MÉCANISMES PATHOLOGIQUES
Voir électrocardiogramme.
 
SIGNES ELECTROCARDIOGRAPHIQUES
Extrasystoles auriculaires
Onde P prématurée, de forme différente de l'onde P sinusale. Elle est négative en DII DIII VF, lorsqu'elle naît à la partie inférieure de l'oreillette droite. Le complexe QRS qui suit est en général normal.
Si l'onde P est très prématurée, les ventricules sont en période réfractaire absolue et elle n'est pas suivie de réponse ventriculaire : onde P bloquée.
Extrasystoles jonctionnelles
Elles naissent dans la région du nœud de TAWARA. L'onde P est rétrograde, soit avant QRS avec PR court, soit dans QRS, soit après QRS.
Le complexe QRS est normal.
Extrasystoles ventriculaires
Elles naissent soit dans le ventricule droit, donnant un aspect de bloc de branche gauche, soit dans le ventricule gauche : aspect de bloc de branche droit.
 
CARACTÈRES DE GRAVITE
Voir électrocardiogramme.
 
VALEUR SÉMIOLOGIQUE DES EXTRASYSTOLES
Extrasystoles sur cœur sain
Bénignes, disparaissant à l'effort.
Extrasystoles sur cœur pathologique
Extrasystoles auriculaires fréquentes dans le rétrécissement mitral, précédant la fibrillation auriculaire. Fréquentes dans toute cardiopathie qui s'accompagne d'une dilatation de l'oreillette gauche.
Extrasystoles ventriculaires de l'infarctus : Doivent faire redouter la survenue d'une tachycardie ventriculaire ou d'une fibrillation ventriculaire.
Extrasystoles ventriculaires de l'insuffisance cardiaque non traitée : disparaissent avec le traitement digitalique.
Extrasystoles de l'insuffisance cardiaque traitée témoignant de la gravité de l'atteinte myocardique : contre-indication relative des digitaliques.
Extrasystoles ventriculaires du traitement digitalique : bigéminisme = surdosage.
 
TRAITEMENT
Extrasystoles sur cœur sain : sédatifs, quinidine. C'est-à-dire Natisédine®, Véridardine®, Euphytose® ou bien disopyramide (Rythmodan® gélule).
Extrasystoles sur cœur pathologique
Extrasystoles auriculaires fréquentes dans le rétrécissement mitral, précédant la fibrillation auriculaire. Fréquentes dans toute cardiopathie qui s'accompagne d'une dilatation de l'oreillette gauche.
Extrasystoles ventriculaires de l'infarctus à la phase aiguë :
Xylocaïne®, Soludactone® 200 mg I.V. : 3 injections par jour pendant 5 jours, à titre préventif.
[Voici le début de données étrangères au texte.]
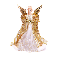 Vianočná látková postava anjela v zlato - bielom oblečení. Vhodná dekorácia na stôl alebo aj na vrcholec stromčeka (vnútro anjela tvorí plastový kužel)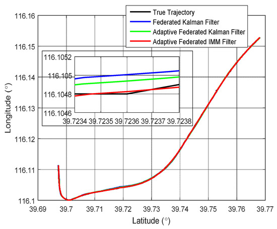 To compare the integrated navigation effect under different filtering methods, the federated Kalman filter, the adaptive federated Kalman filter, and the adaptive federated IMM filter were separately applied in the real experiment. The integrated navigation experiment lasted for 600 s. Figure 6 shows the estimation trajectories of the integrated navigation experiment by using the three filtering methods. In Figure 6, the black line represents the true trajectory, the blue line represents the estimation trajectory of the federated Kalman filter, the green line represents the estimation trajectory of the adaptive federated Kalman filter, and the red line represents the estimation trajectory of the adaptive federated IMM filter. It can be seen from Figure 6 that all three filtering methods can be used for integrated navigation. But from the partially enlarged figure, the estimation trajectory of the adaptive federated IMM filter is the closest to the true trajectory compared with the estimation trajectories of the adaptive federated Kalman filter and the federated Kalman filter. The estimation trajectory of the adaptive federated Kalman filter is closer to the true trajectory compared with that of the federated Kalman filter. It indicates that among the three filtering methods, the proposed adaptive federated IMM filter can achieve the highest accuracy of integrated navigation, and the adaptive federated Kalman filter is second, followed by the federated Kalman filter.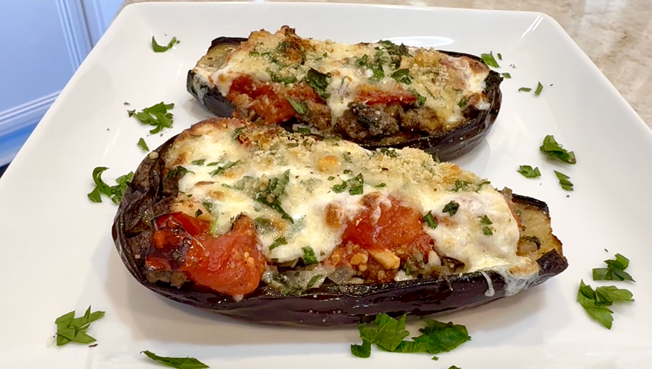 - Chop Italian Parsley, Garlic, Shallots, Tomatoes Place in frying pan olive oil, a little garlic and a little butter and sauté Then pour the chopped tomatoes and saute with a lid until cooked In another frying pan place ground beef and cook halfway then add in the chopped items garlic parsley shallots Italian seasoning and a little salt & pepper and stir until all is cooked. The Eggplant: Slice eggplant in half the long way Then score the eggplant cris crossed & spread on olive oil and salt & pepper Next place face down on baking pan covered with parchment paper And bake for 40 to 45 mins in the oven at 400 degrees. After it’s baked, turn over and press down on the eggplant meat until it’s shaped like a boat Then fill the boat with the seasoned ground beef some remaining juice from the cooked tomatoes Next add the tomatoes and the burrata cheese, sprinkling on the breadcrumbs and finally The Italian parsley. Place back into oven and bake for another 20 to 25 mins or so at 400 degrees Remove and enjoy! Please be careful the eggplant retains its heat for a long while.

Si utile, autres antiarythmiques (voir infarctus du myocarde).
Dans les cardiopathies chroniques : efficacité de la Cordarone® 1 comprimé 5 jours/7, du Sotalex®.
 

LES TACHYCARDIES SUPRAVENTRICULAIRES

TACHYCARDIE PAROXYSTIQUE SUPRAVENTRICULAIRE
Pathogénie : la réentrée.
 

Signes cliniques
Début brusque d'une systole à l'autre.
Le rythme régulier, à 180/mn s'accompagne de palpitations, angoisse, algie précordiale.
Durée : quelques minutes à quelques heures.
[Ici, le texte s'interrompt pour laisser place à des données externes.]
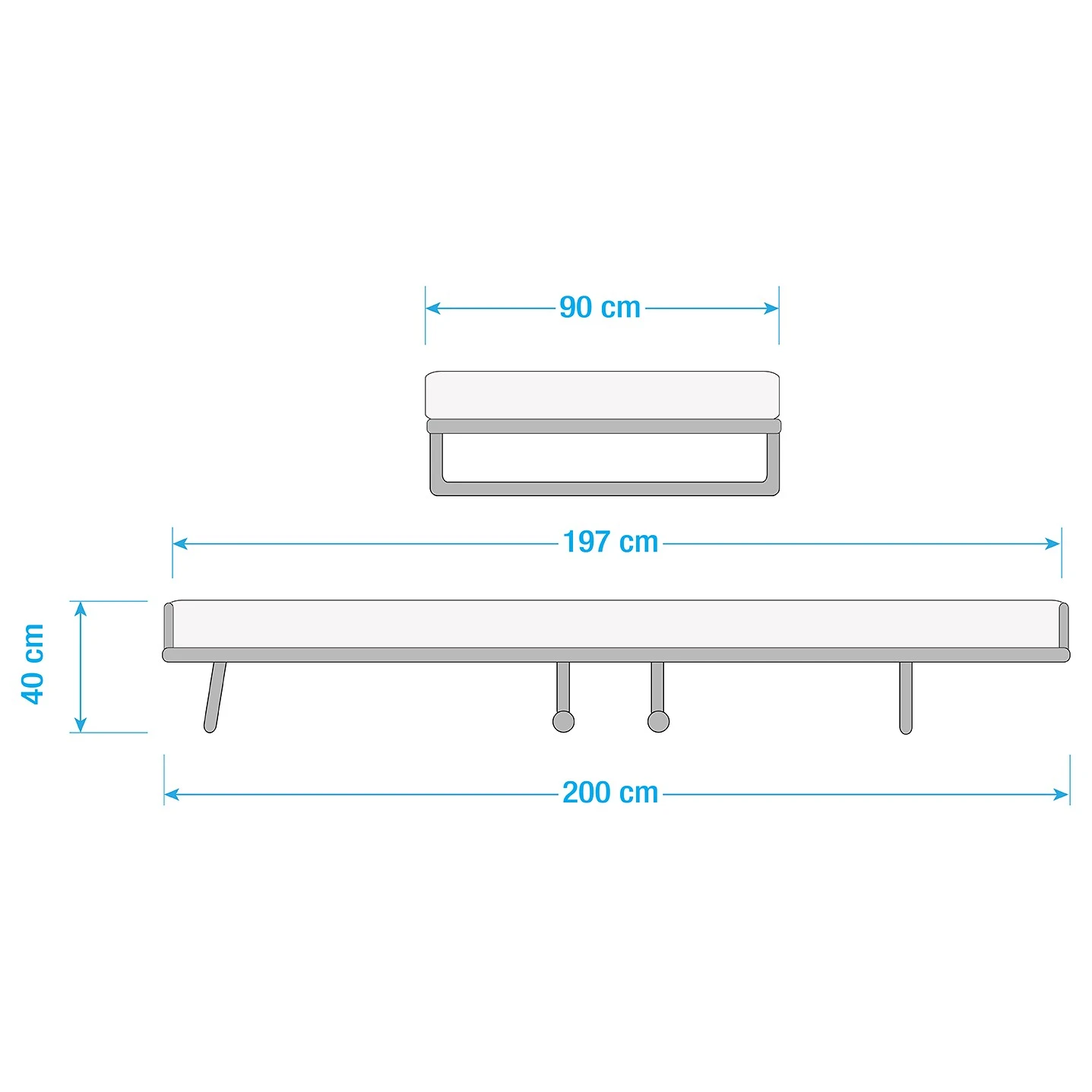 - Liegefläche: 90 x 197 cm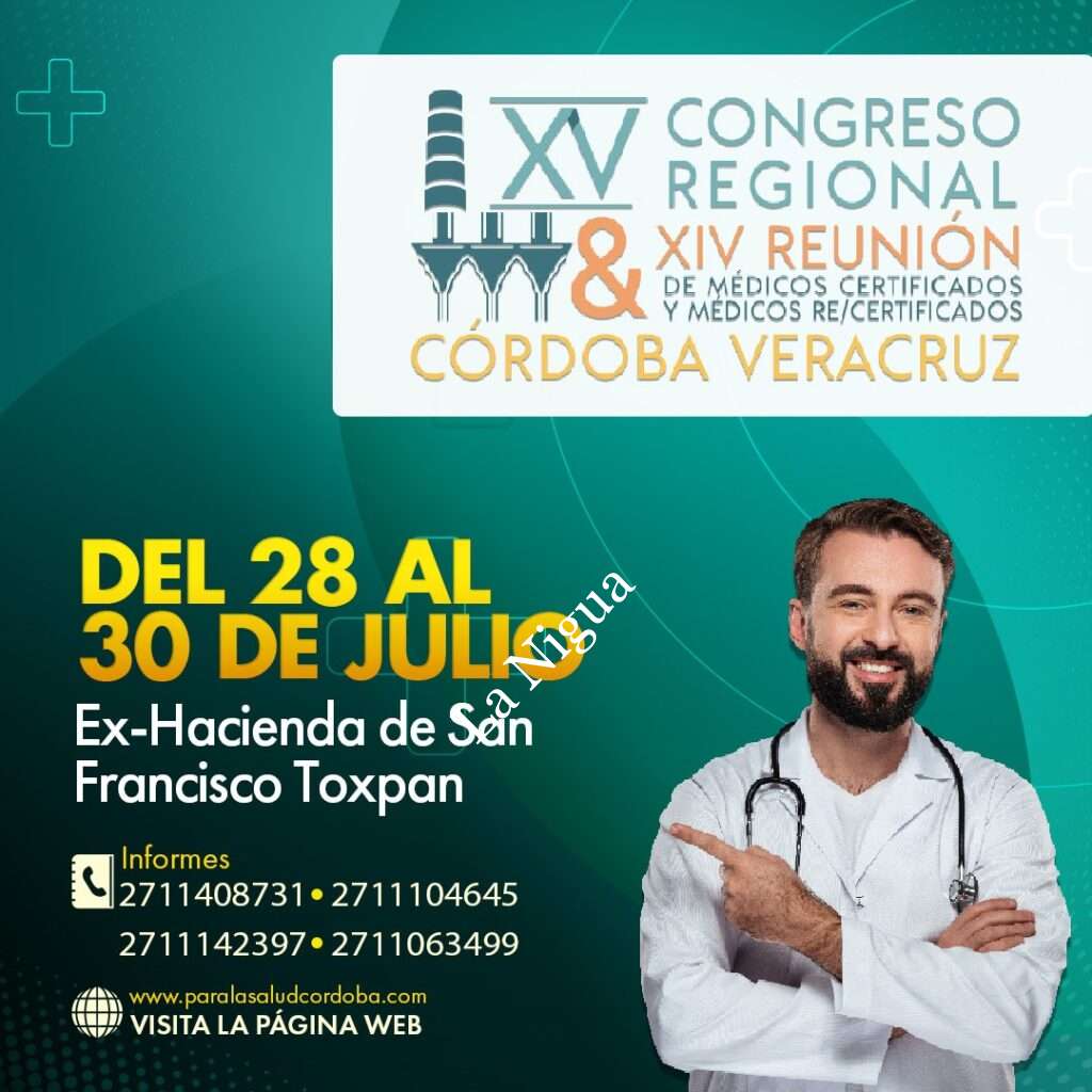 Córdoba, Ver., (5 de julio de 2022). – Del 28 al 30 de julio, Córdoba será sede del Congreso Regional y XIV Reunión de Médicos Certificados y Médicos Re/Certificados, que se llevará a cabo en las instalaciones de la Ex Hacienda San Francisco Toxpan, mismo que será avalado por la Universidad Veracruzana.

Fin brusque d'une systole à l'autre. Parfois, polyurie en fin de crise. La compression carotidienne agit selon la loi du tout ou rien. Soit elle arrête la crise, soit elle n'a aucune action.
Signes électrocardiographiques
Le démarrage est marqué par un allongement de PR. Une extrasystole peut induire ou arrêter la crise.
Complexes ventriculaires fins
P cachées dans QRS.
Étiologies
Tachycardie paroxystique idiopathique : sujet jeune, évolution très capricieuse, due à une réentrée dans la région du noeud auriculo-ventriculaire.
Syndrome de Wolf-Parkinson-White. Les crises de tachycardie paroxystique sont fréquentes. Le faisceau de Kent est parcouru de façon rétrograde. Il constitue, avec les voies de conduction normales, une macro-réentrée.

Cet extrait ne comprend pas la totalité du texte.